13/15 brands saw huge bumps in engagement and sharing from their audience when talking about this event.
Average Retweet bump: +1300%
Average Favorites bump: +940%
Again, a wide variety of brands seeing success.
HTC makes sense, it’s a direct competitor
Mastercard makes sense, it was mentioned in the presentation
But Denny’s has nothing to do with the iPhone, and either does Zappos. Both got a great response from their audience.
And then, when a few iPhone started bending, brands jumped in on the trending topic #Bendgate
14/14 brands saw record bumps.
Average bump in Retweets: +11,000%
Average bump in Favorites: +5,400%
We’ve shown a lot of success for RTM here today, but what we don’t want you to think is that you can just blindly jump on any hashtag and get a bump.
There’s risk to manage as well, as there is with any marketing effort. But RTM risk can absolutely be managed.
In mid-September, a daily trending topic called #ThoseThreeWords appeared, and 30 brands jumped in to offer their take.
The distribution looked not so good.
Only 10/30 brands saw increased Retweets.
So what happened? When we dive deeper into the data, we can see a pattern.
Brands that stayed on message with the trend did well.
Brands that put their product or brand messaging first did not do well.
Here’s a revised distribution
Brands that focused on the trend: GREEN
Brands that focused on their product: RED
RTM works, but you have to join the conversation, and you can’t do that with a commercial. You need to do the work and not come off like a brand, and then you’ll get your increased reach and engagement.
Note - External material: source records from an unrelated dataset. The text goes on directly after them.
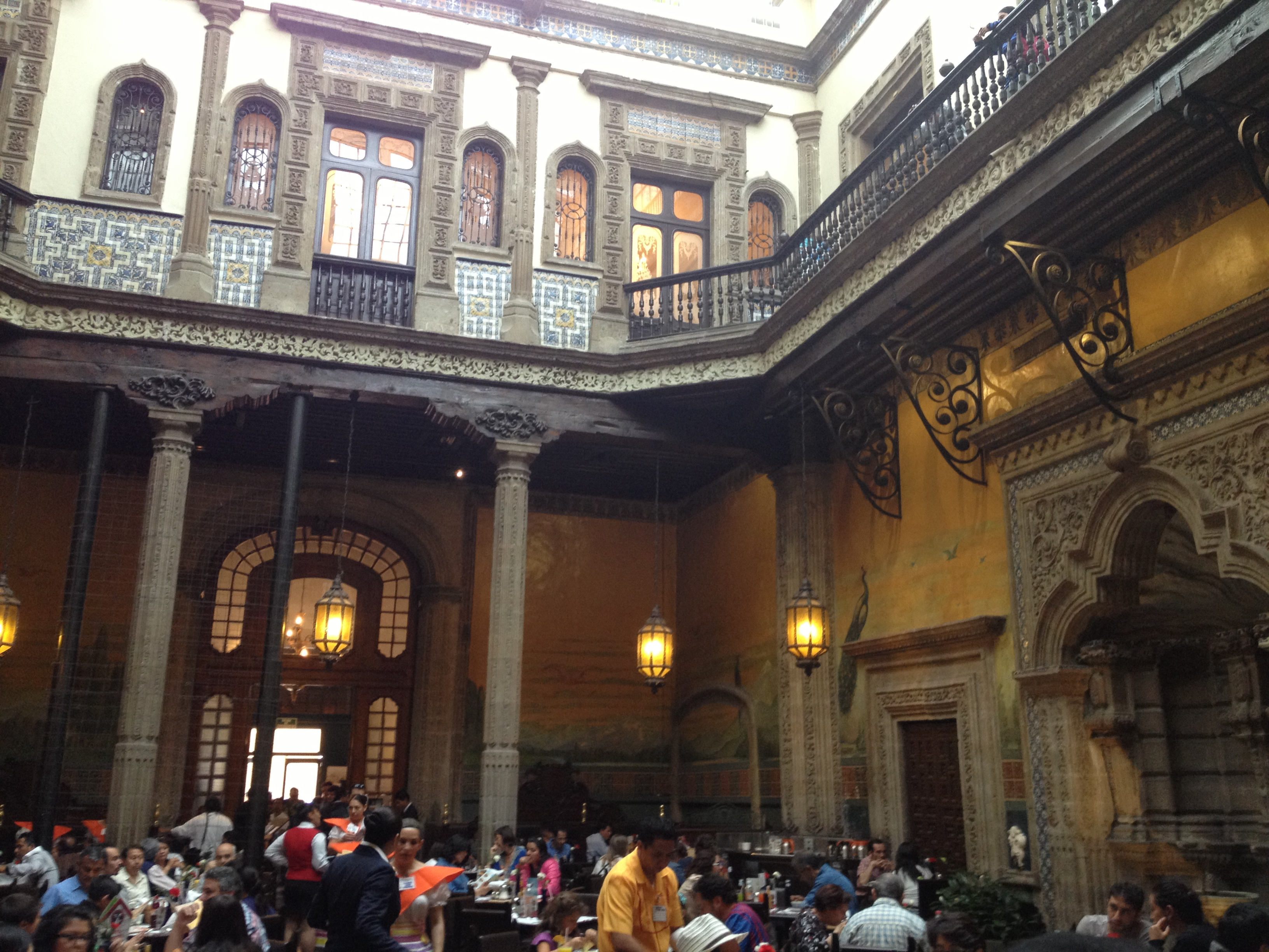 View from downstairs at the Casa de los Azulejos, Mexico City, Mexico.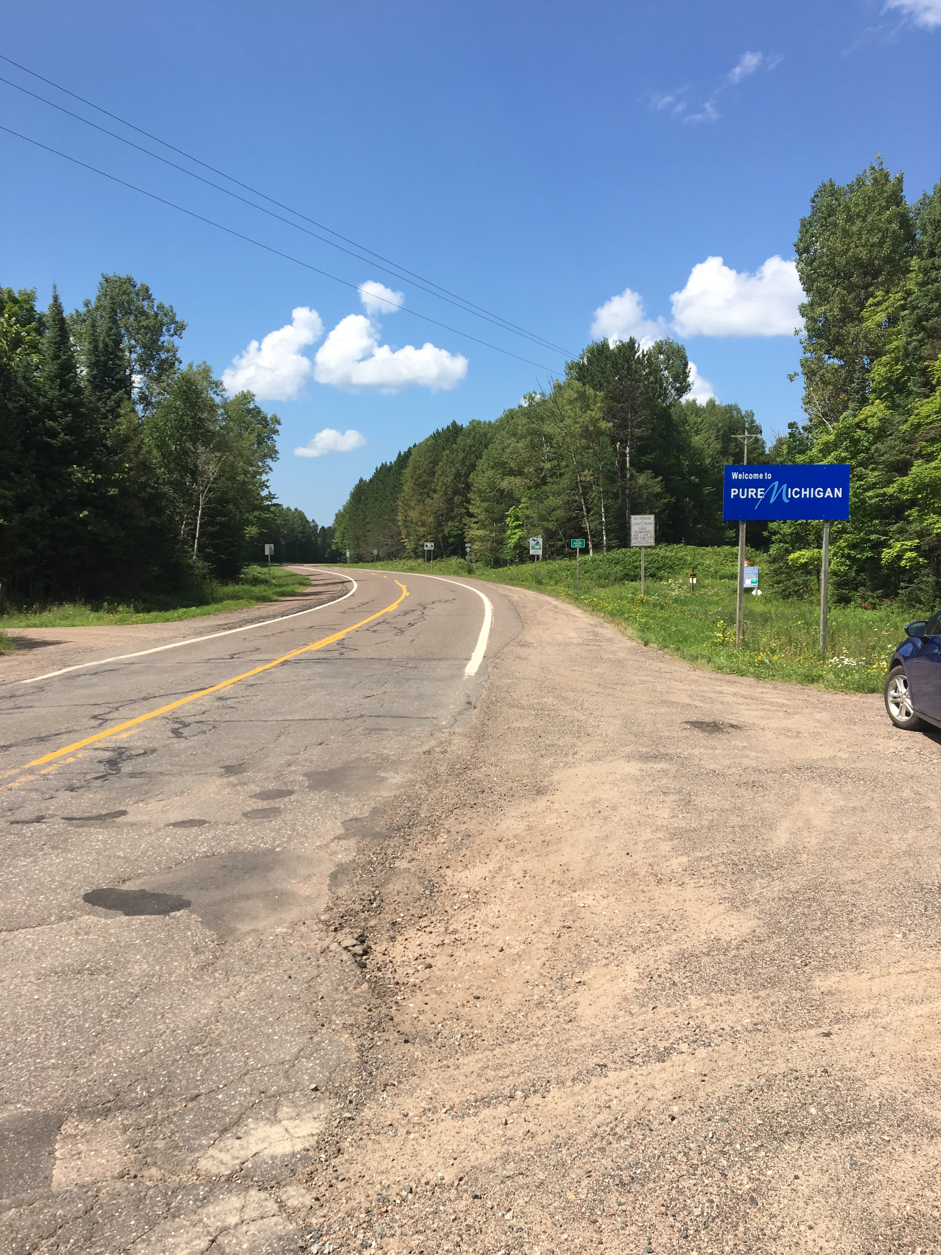 M-64 at the state line north of Presque Isle, Wisconsin, United States, July 2018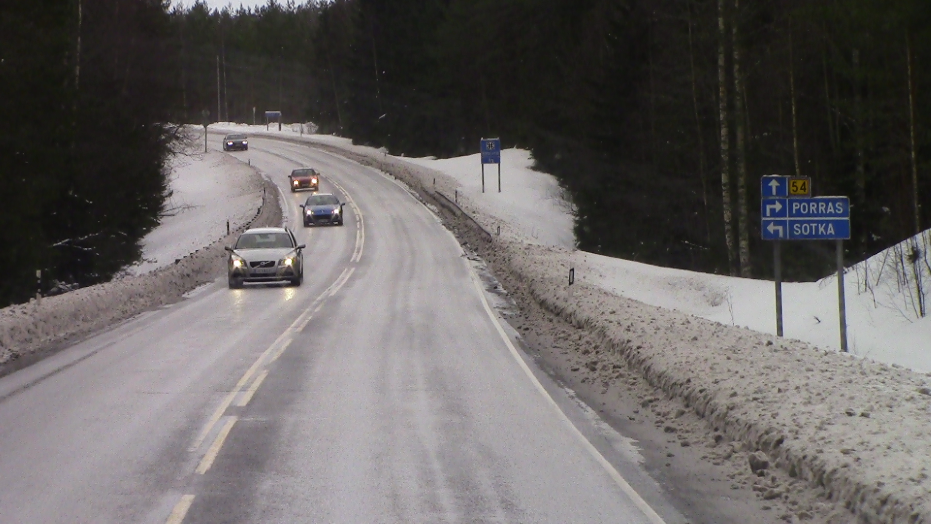 Finnish national road 54 at Hämeenlinna, near the crossroad of Härkätie. The road runs from Tammela to Lahti.

In September, Digiorno (a big real-time marketing brand) made a mistake. It jumped on a hashtag that it shouldn’t have jumped on, and was mentioned in the press over and over. It became a poster child for “hey brands, we don’t want you in our social conversation.”
If Digiorno had used a tool like Spredfast’s Spark tool, they would have known within 10 seconds that they should have stayed away, but they didn’t.
What you probably didn’t hear about was when Digiorno returned to Twitter after 2 weeks off.
They came back with an RTM Tweet (around National Pizza Month), and the response from their audience (that, remember, supposedly did not want a brand in their social feed) went like this.
The audience welcomed them back with open arms. They wanted them back on Twitter.
To put it another way: when’s the last time you stopped a marketing campaign for two weeks and your audience MISSED YOU?
Real-time marketing and social media give brands the opportunity to connect with an audience like nothing we’ve seen before.
Social media and real-time marketing are giving us a new avenue to connect with our audience. It’s going to look different than advertising, it SHOULD look different than advertising. But it can be more powerful than advertising.
The data shows that in the near future if a brand isn’t in a trending conversation they will be missed - or the audience will just be hanging out with their competition.